- Records for processing -
((
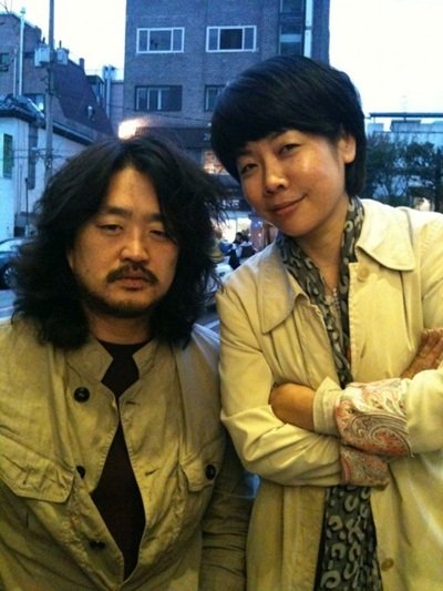 사진 속 김미화와 김어준은 베이지색 계통 비슷한 의상을 입고 카메라를 응시하고 있다. 김어준 무표정과 김미화 미소가 눈길을 끈다.
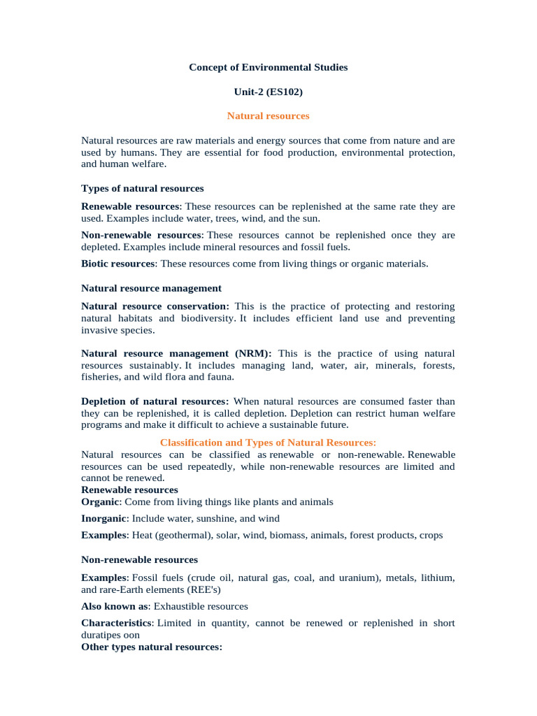 Natural resources can be classified as renewable or non-renewable. Renewable
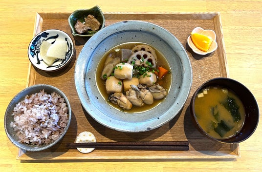 牡蠣とおかやまの根菜・里芋の炊き合わせ牡蠣の旨味を凝縮した煮物に、岡山県特産の里芋をあわせた温かい一皿。ごはんは、白米・雑穀米・地魚混ぜごはんの3種類からお選びいただけます。
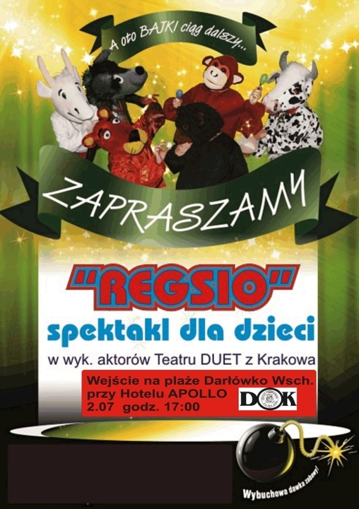 2 lipca, we wtorek o godz. 17:00 zapraszamy na plażę wschodnią, przy Hotelu Apollo na występ grupy teatralnej Duet z Krakowa.
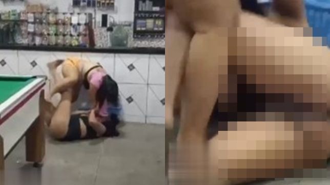 Duas mulheres protagonizaram uma confusão em um bar que terminou em troca de socos, puxões de cabelo, roupas rasgadas e muito constrangimento.
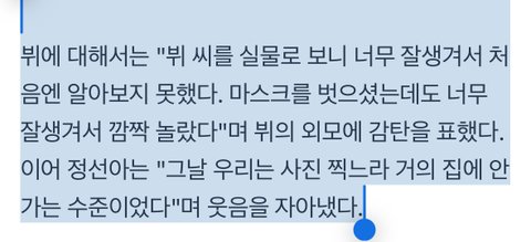 뷔는 느끼하지않고 고급지며 동안이지만 어른스럽고 부드럽고 진실이 느껴지는 얼굴임 사진,영상만 봐도 진짜 심하게 잘생겼다고 느끼는데 실제는 얼마나 잘생겼을지 감응이안감 정선아님 부러우셔요
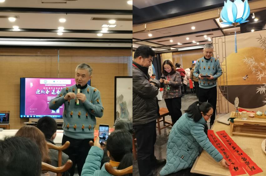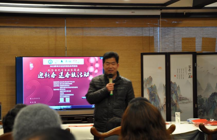 1月26日下午,“纪念唐代女书法家薛涛——迎新春、送春联”公益惠民活动在望江楼公园枕流雅筑举行。此次活动由成都薛涛研究会、成都市薛涛文化社科普及基地联合主办,成都市望江楼公园、薛涛艺坊、东周社、成都云公益发展促进会、四川省楹联学会等单位协办,成都市望江楼公园副书记张讲社、成都薛涛研究会常务副会长谢天开、东周社主讲人周东、成都云公益发展促进会会长傅艳、四川省楹联学会副会长李兴辉、成都市书法家协会原秘书长袁碧秀、四川徐悲鸿张大千艺术研究院办公室副主任梅渝林、散花楼女子诗社社长陶佳桂、薛涛艺坊负责人姚晓梅、贺刚、成都薛涛研究会秘书长汪辉秀、副秘书长周渝霞、理事郑洁等嘉宾及现场观众数十人参加了此次活动。
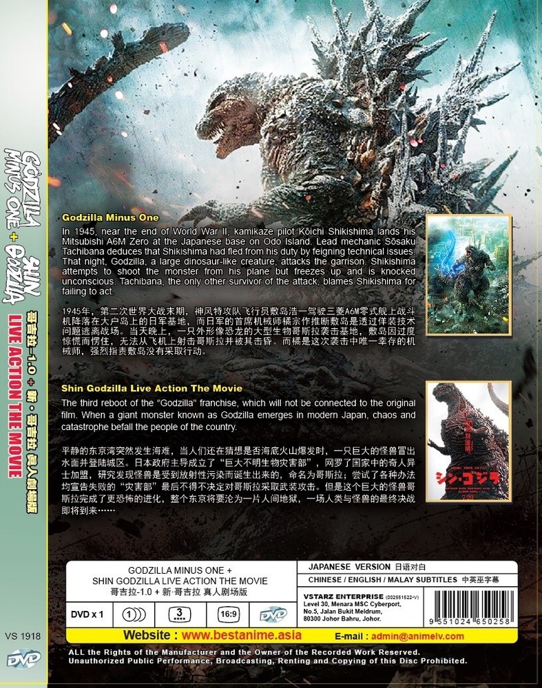 Title : Godzilla Minus One (2023 Film) + Shin Godzilla (2016 Film) Condition : Brand NEW Region Code : All Region Language : Japanese Subtitle : English / Chinese No. Of Disc & Format :1 Disc DVD We Only Sell Original / Genuine DVDs. DVD All Selling Publisher Licensed In Malaysia. All DVDs Come With Hologram By Malaysia Censorship Board. All DVDs is Region FREE, Playable Worldwide. FREE Shipping Worldwide By Registered AirMail with Tracking Numbers 10 ~ 21 Days Without Sat & Sun Days Working Days. Return 14 Days No Question Ask Return . Buyer Pay Return Postage Contact Us If You Have Any Questions Please E-Mail Me Feedback Should Any Problem Arise, Please E-Mail Let US Know & We Will Do Our To Correct Any Problems.
))
- Required action -
Give back an exact copy of only the lines from the one with "牡蠣とおかやまの根菜・里芋の" through the final line of the material, both included. Pictures do not belong in it.

- Output of the exercise -
 牡蠣とおかやまの根菜・里芋の炊き合わせ牡蠣の旨味を凝縮した煮物に、岡山県特産の里芋をあわせた温かい一皿。ごはんは、白米・雑穀米・地魚混ぜごはんの3種類からお選びいただけます。
 2 lipca, we wtorek o godz. 17:00 zapraszamy na plażę wschodnią, przy Hotelu Apollo na występ grupy teatralnej Duet z Krakowa.
 Duas mulheres protagonizaram uma confusão em um bar que terminou em troca de socos, puxões de cabelo, roupas rasgadas e muito constrangimento.
 뷔는 느끼하지않고 고급지며 동안이지만 어른스럽고 부드럽고 진실이 느껴지는 얼굴임 사진,영상만 봐도 진짜 심하게 잘생겼다고 느끼는데 실제는 얼마나 잘생겼을지 감응이안감 정선아님 부러우셔요
 1月26日下午,“纪念唐代女书法家薛涛——迎新春、送春联”公益惠民活动在望江楼公园枕流雅筑举行。此次活动由成都薛涛研究会、成都市薛涛文化社科普及基地联合主办,成都市望江楼公园、薛涛艺坊、东周社、成都云公益发展促进会、四川省楹联学会等单位协办,成都市望江楼公园副书记张讲社、成都薛涛研究会常务副会长谢天开、东周社主讲人周东、成都云公益发展促进会会长傅艳、四川省楹联学会副会长李兴辉、成都市书法家协会原秘书长袁碧秀、四川徐悲鸿张大千艺术研究院办公室副主任梅渝林、散花楼女子诗社社长陶佳桂、薛涛艺坊负责人姚晓梅、贺刚、成都薛涛研究会秘书长汪辉秀、副秘书长周渝霞、理事郑洁等嘉宾及现场观众数十人参加了此次活动。
 Title : Godzilla Minus One (2023 Film) + Shin Godzilla (2016 Film) Condition : Brand NEW Region Code : All Region Language : Japanese Subtitle : English / Chinese No. Of Disc & Format :1 Disc DVD We Only Sell Original / Genuine DVDs. DVD All Selling Publisher Licensed In Malaysia. All DVDs Come With Hologram By Malaysia Censorship Board. All DVDs is Region FREE, Playable Worldwide. FREE Shipping Worldwide By Registered AirMail with Tracking Numbers 10 ~ 21 Days Without Sat & Sun Days Working Days. Return 14 Days No Question Ask Return . Buyer Pay Return Postage Contact Us If You Have Any Questions Please E-Mail Me Feedback Should Any Problem Arise, Please E-Mail Let US Know & We Will Do Our To Correct Any Problems.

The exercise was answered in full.